Evaluate the integral ∫ x^3 + 2x^2 - 6x + 1 dx. Solution:

  • Using the power rule of integration, we have:
    • ∫ x^3 + 2x^2 - 6x + 1 dx = (1/4)x^4 + (2/3)x^3 - (3/2)x^2 + x + C

Integration by Parts

  • Integration by parts is a technique used to evaluate integrals of products of functions.
  • It is based on the product rule of differentiation.
  • The formula for integration by parts is given by:
    • ∫ u dv = uv - ∫ v du
  • This formula allows us to relate the integral of a product to the integral of the derivative of one of the functions.

Example:

Evaluate the integral ∫ x sin(x) dx.
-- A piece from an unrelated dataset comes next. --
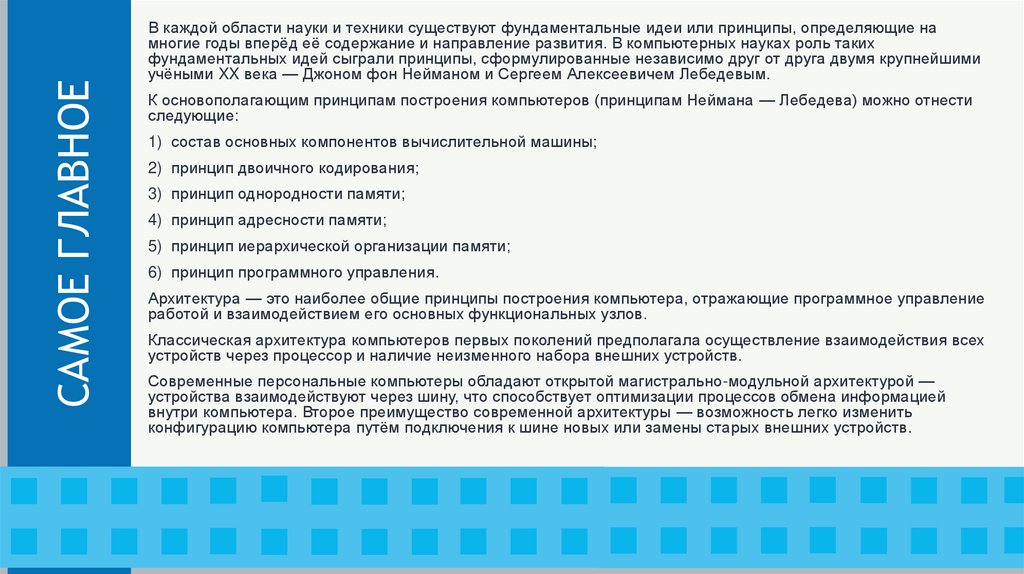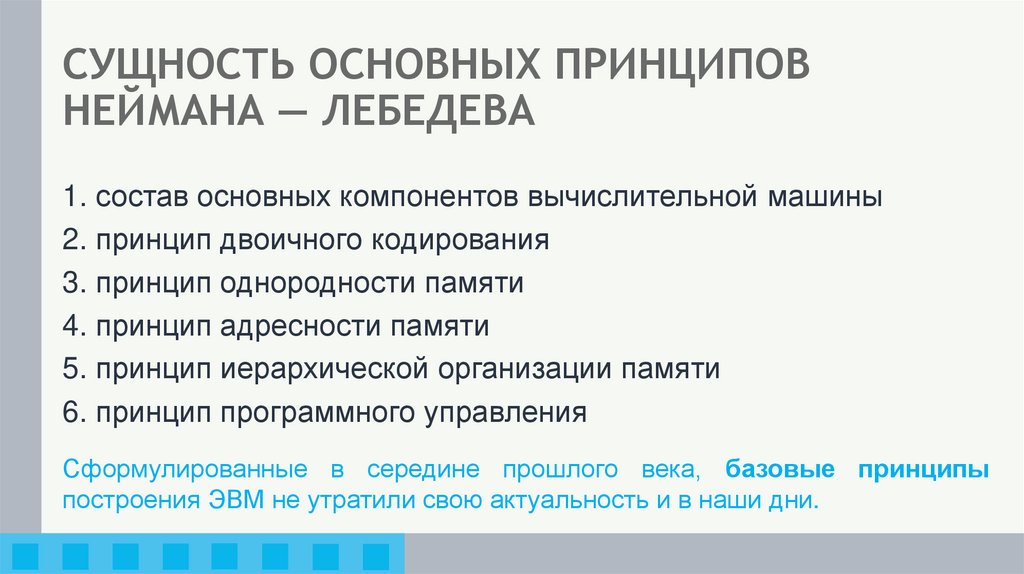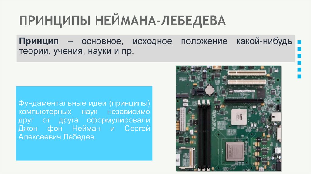 К основополагающим принципам построения компьютеров (принципам Неймана — Лебедева) можно отнести

Solution:

  • Let u = x and dv = sin(x) dx.
  • Then du = dx and v = -cos(x).
  • Applying the formula for integration by parts, we have:
    • ∫ x sin(x) dx = -x cos(x) - ∫ (-cos(x)) dx = -x cos(x) + sin(x) + C

Trigonometric Substitution

  • Trigonometric substitution is a technique used to evaluate integrals involving radical expressions and trigonometric functions.
  • It involves making a substitution using trigonometric identities to simplify the integral.
  • There are three common trigonometric substitutions:
    • For integrals involving √(a^2 - x^2), we use x = a sinθ.
    • For integrals involving √(a^2 + x^2), we use x = a tanθ.
    • For integrals involving √(x^2 - a^2), we use x = a secθ.

Example:

Evaluate the integral ∫ (4x^2 + 1) / √(x^2 + 9) dx. Solution:

  • Let x = 3 tanθ.
  • Then dx = 3 sec^2θ dθ.
  • Substituting into the integral and simplifying, we have:
    • ∫ (4(3 tanθ)^2 + 1) / √((3 tanθ)^2 + 9) (3 sec^2θ) dθ
    • = ∫ (36 tan^2θ + 1) / √(9 tan^2θ + 9) sec^2θ dθ

Partial Fraction Decomposition

  • Partial fraction decomposition is a technique used to simplify and evaluate integrals that involve rational functions.
  • It involves breaking down a rational function into simpler fractions to make integration easier.
  • The basic idea is to write the rational function as a sum of simpler fractions with denominators that are powers of linear factors or irreducible quadratic factors.
  • This allows us to use known integral formulas to evaluate the integral.

Example:

Evaluate the integral ∫ (3x^2 - 5) / (x^3 + x^2 - 2x) dx. Solution:

  • First, we factor the denominator: x^3 + x^2 - 2x = x(x - 1)(x + 2).
  • Next, we express the rational function as a sum of partial fractions:
    • (3x^2 - 5) / (x^3 + x^2 - 2x) = A/x + B/(x - 1) + C/(x + 2).
  • Now, we find the values of A, B, and C by equating numerators:
    • 3x^2 - 5 = A(x - 1)(x + 2) + Bx(x + 2) + Cx(x - 1).